WORK ORDER
Exactly reproduce the lines of the listing below from the one containing "Fascinante es este" through the one containing "晚白【新品】2026春款时尚半松紧裤子显瘦利落百搭镰刀休闲裤女 深蓝色 27". Skip the images.

EXCERPTED RECORDS
------------------------------------------------------------

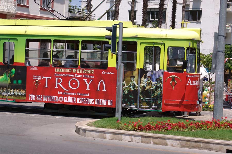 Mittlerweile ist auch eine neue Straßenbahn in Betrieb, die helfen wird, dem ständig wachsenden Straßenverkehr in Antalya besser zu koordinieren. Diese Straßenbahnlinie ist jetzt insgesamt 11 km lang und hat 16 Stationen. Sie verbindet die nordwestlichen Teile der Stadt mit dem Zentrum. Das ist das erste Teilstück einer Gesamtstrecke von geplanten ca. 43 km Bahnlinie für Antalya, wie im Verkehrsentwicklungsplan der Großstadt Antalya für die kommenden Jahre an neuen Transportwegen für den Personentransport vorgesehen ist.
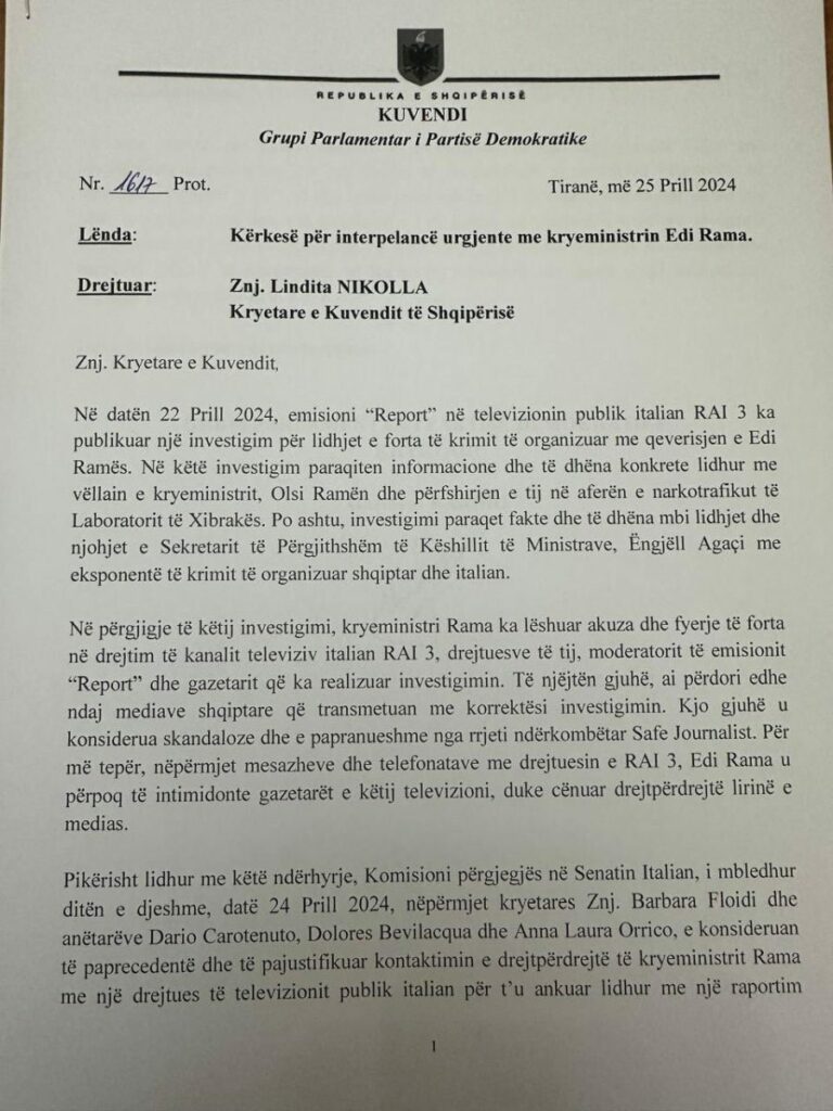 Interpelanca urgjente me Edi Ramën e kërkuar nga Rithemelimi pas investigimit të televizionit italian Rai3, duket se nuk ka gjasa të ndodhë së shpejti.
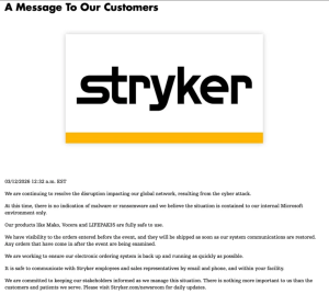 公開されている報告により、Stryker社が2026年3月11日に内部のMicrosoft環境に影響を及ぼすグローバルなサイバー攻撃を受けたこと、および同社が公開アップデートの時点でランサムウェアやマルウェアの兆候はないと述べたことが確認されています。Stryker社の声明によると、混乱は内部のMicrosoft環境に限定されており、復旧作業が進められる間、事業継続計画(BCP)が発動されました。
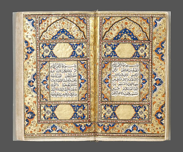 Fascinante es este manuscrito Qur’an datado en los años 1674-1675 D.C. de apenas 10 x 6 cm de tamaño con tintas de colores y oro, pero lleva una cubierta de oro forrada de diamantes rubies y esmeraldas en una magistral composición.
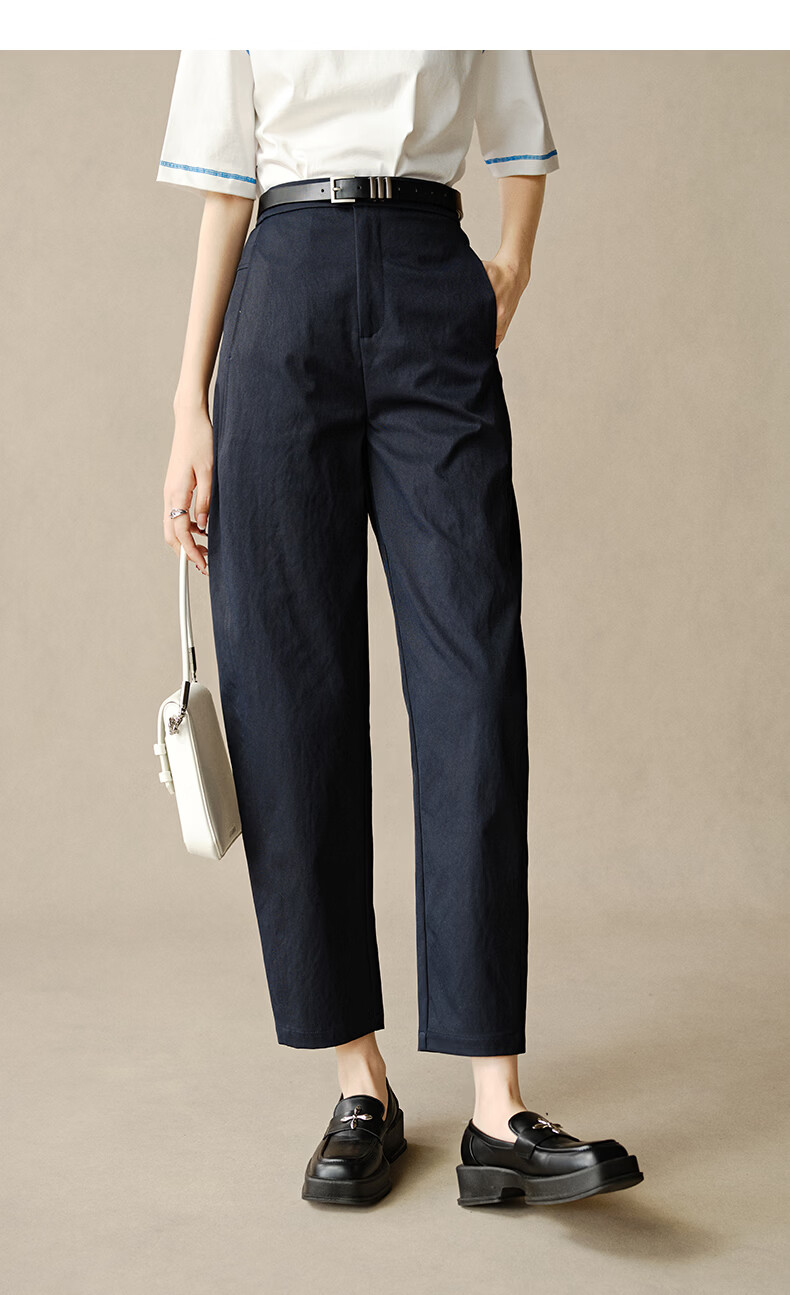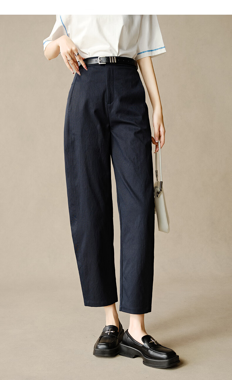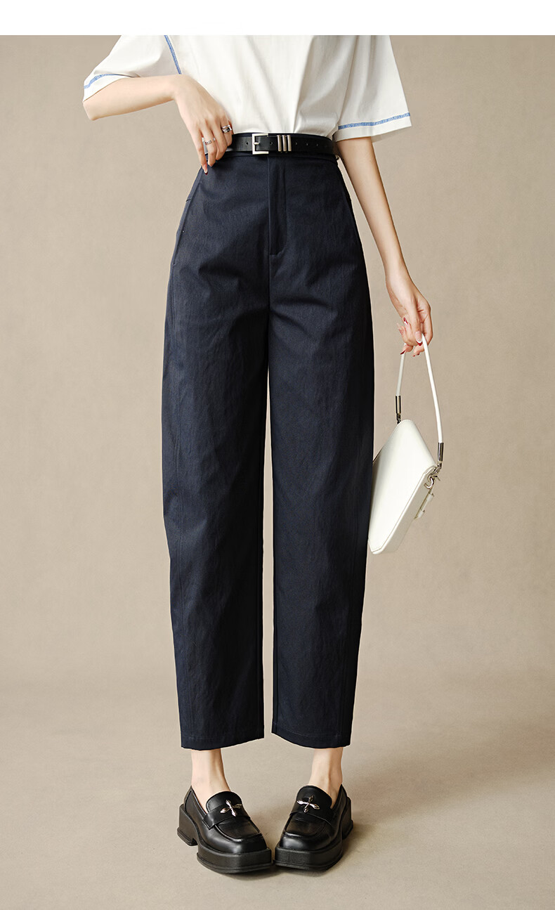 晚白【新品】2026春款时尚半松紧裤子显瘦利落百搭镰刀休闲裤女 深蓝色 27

------------------------------------------------------------

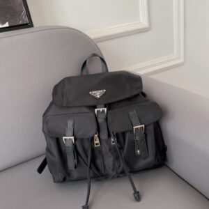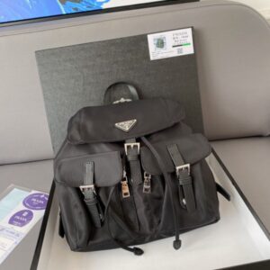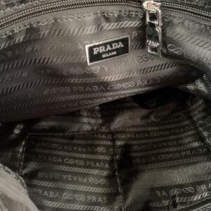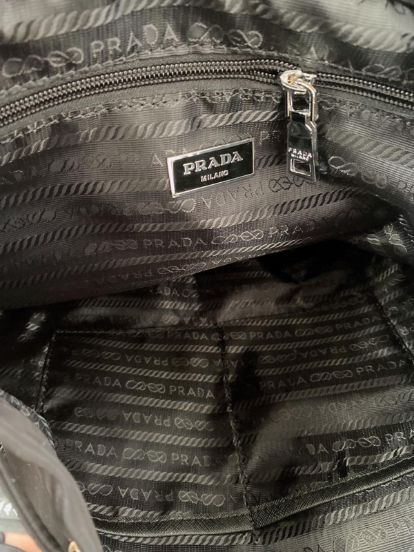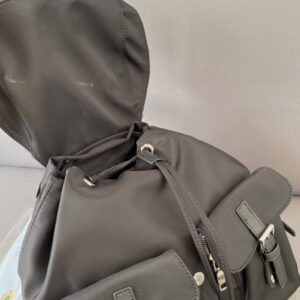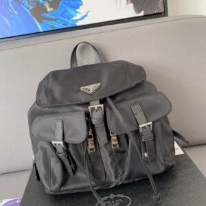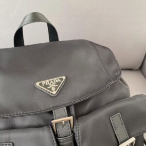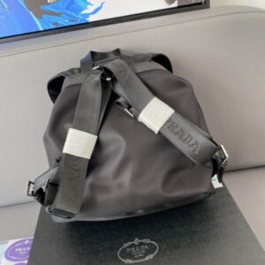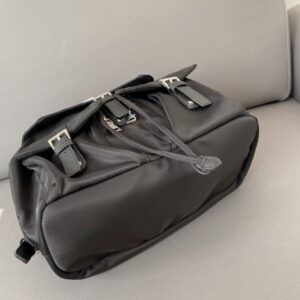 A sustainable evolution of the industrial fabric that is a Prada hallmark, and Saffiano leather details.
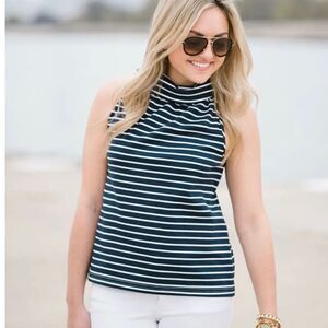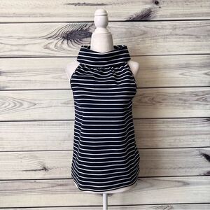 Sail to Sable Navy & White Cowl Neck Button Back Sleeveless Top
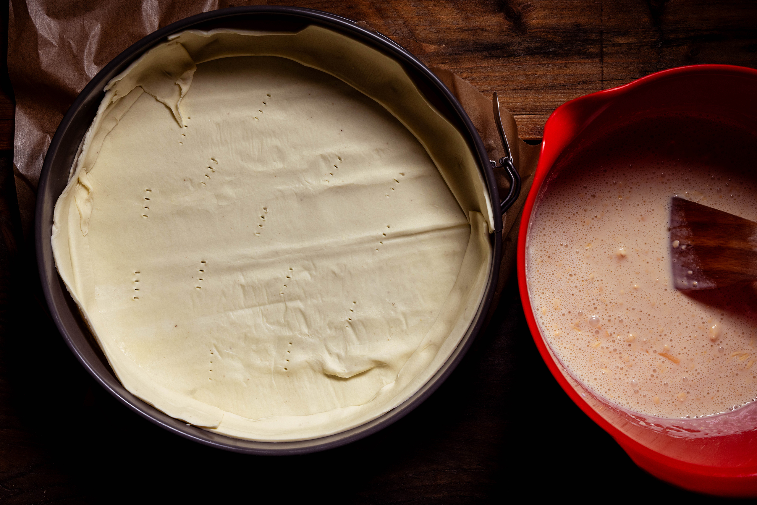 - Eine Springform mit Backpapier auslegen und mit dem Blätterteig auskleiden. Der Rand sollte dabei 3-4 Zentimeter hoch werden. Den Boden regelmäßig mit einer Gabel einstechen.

------------------------------------------------------------

YOUR SOLUTION
 Fascinante es este manuscrito Qur’an datado en los años 1674-1675 D.C. de apenas 10 x 6 cm de tamaño con tintas de colores y oro, pero lleva una cubierta de oro forrada de diamantes rubies y esmeraldas en una magistral composición.
 晚白【新品】2026春款时尚半松紧裤子显瘦利落百搭镰刀休闲裤女 深蓝色 27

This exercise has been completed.